Is Ben and Nan’s love still as fresh? Or has it faded like the paint?
“I always thought about them,” Brian said. “Who is this dude who did this? If Ben did it for Nan, is he up on this overpass, bending over, writing upside down? Was a buddy hanging onto his ankles?”
What Brian really wonders is: Are they still together?
If Ben and Nan were teenagers in the mid-1980s, they’d be in their fifties now. Do they chuckle every time they see “BEN + NAN 4EVER” while driving to visit the grandkids?
“What did Nan think?” Brian mused. “Was she sold? Did that clinch the deal?”
Or was she mortified, more NEVER than 4EVER? Did Ben paint those block letters late one night convinced it was exactly the way to convince Nan of his undying love? But when Nan saw it, did she wince? Was it just more proof that Ben didn’t know her at all?
Is this Jack and Diane from that John Mellencamp song or is it a less melodic, more discordant tune?
A lot of the overpasses on I-66 are being replaced. Though this one has survived so far, Brian sometimes wonders if it will be demolished. Overpasses don’t last forever. Nor does paint. Did Ben and Nan?
“Somebody out there in the Manassas/Prince William County area probably knows who they are,” Brian said.
Do you?
Traffic pattern
Brian no longer drives out along I-66 to check on print jobs, but he does drive on it plenty. He traded an art director’s computer for a pie-maker’s oven. Brian is owner of the Red Truck Bakery, with locations in Warrenton and Marshall, Va. They make very good pies and other tasty baked treats.
Brian and his spouse, Dwight McNeill, live in Arlington, which means Brian is driving back-and-forth on I-66 all the time. Recently he was in Marshall for Red Truck’s company picnic. Before he left for home, he carefully packed hamburgers, hot dogs and side dishes for the couple to enjoy at dinner.
And then I-66 did what I-66 often does: It ground to a halt. CRASH AHEAD, read one of VDOT’s variable signs, ALL LANES CLOSED.
Safely stationary, Brian texted Dwight to say he would be late.
Then Dwight did what he often does: “He always jumps online and tracks the problem,” said Brian. “Sometimes he’ll even say, ‘You should get off on Route 50’ or something.”
Dwight not only communicated the various traffic reports to Brian, he pulled up VDOT’s traffic cameras.

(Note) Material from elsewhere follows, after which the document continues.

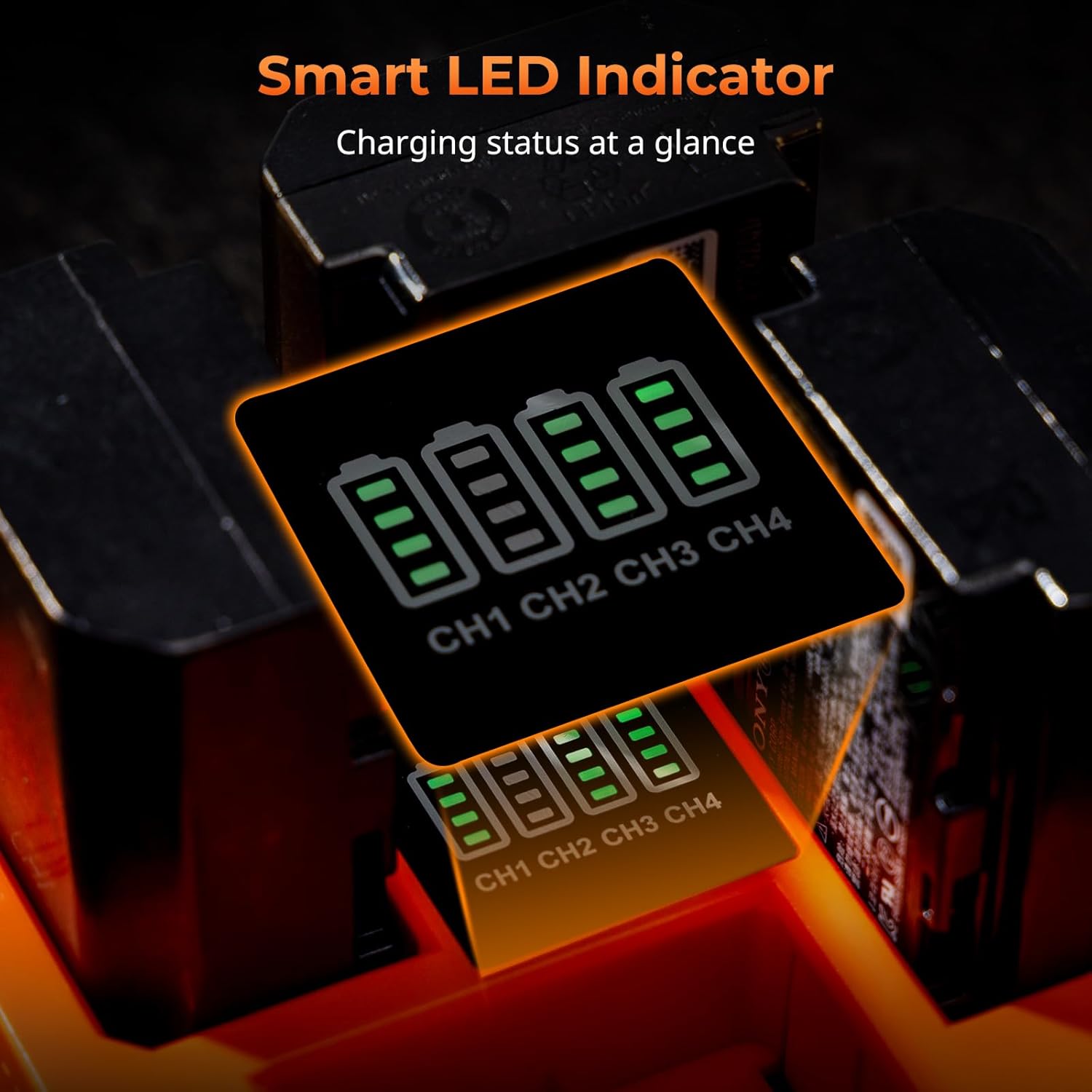 شاشة LED ذكية: ابقَ على اطلاع دائم من خلال مؤشرات LED سهلة الاستخدام لكل منفذ. يوفر شاحن بطاريات NP-FZ100 من سوني رؤية فورية لتقدم عملية الشحن، لتكون على دراية تامة بموعد جاهزية كل بطارية – لا مجال للتخمين، فقط إدارة فعّالة للطاقة.

And then it dawned on Dwight that he might actually be able to find Brian on one of the live feeds.
“Red car behind you?” Dwight texted.
“No,” Brian responded. “Silver. Next to me is white van with ladder.”

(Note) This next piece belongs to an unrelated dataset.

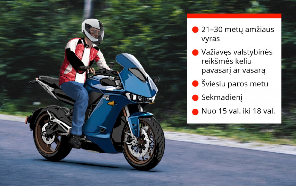 Intensyvėjant motociklininkų sezonui, valstybės įmonė Lietuvos automobilių kelių direkcija (toliau – Kelių direkcija) išanalizavo 2020 metų eismo įvykių, kuriuose žuvo motociklų vairuotojai, duomenis ir sudarė pernai Lietuvos keliuose žuvusio motociklo vairuotojo paveikslą: 21–30 metų amžiaus vyras, kuris žuvo važiuodamas valstybinės reikšmes rajoniniu keliu pavasarį arba vasarą, sekmadienį, šviesiu paros metu, 15.00–18.00 val.

“No shortage of those,” Dwight responded, flicking through the camera feeds.
“I’d keep telling him the mile markers,” Brian said. “He would scroll down and find them.”

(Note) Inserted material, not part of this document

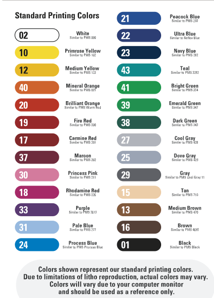 - Nonstandard ink colors incur an additional fee of $58.00 per color. Standard ink colors are shown.

And then around Mile Marker 62 — after Brian had passed a portable toilet in the median and was a few lengths behind a tractor-trailer from Target — Dwight spotted a familiar silver Ford Escape on his computer screen. “I saw you!” he texted.
Said Brian: “There’s so much angst normally to getting stuck in traffic, this made it feel like somebody was with me.”
In fact, that whole traffic jam had a festive, communal air to it.
“There was a guy singing opera with his windows down,” Brian said. “All of us locked eyes with each other and were laughing. It truly made it as enjoyable as it could have been.”
Back soon
I’m taking some time off. I should be back in this space on Aug. 1. Until then, stay cool.
This column originally reported that a Red Truck Bakery location was in Manassas, rather than Warrenton. It has been corrected.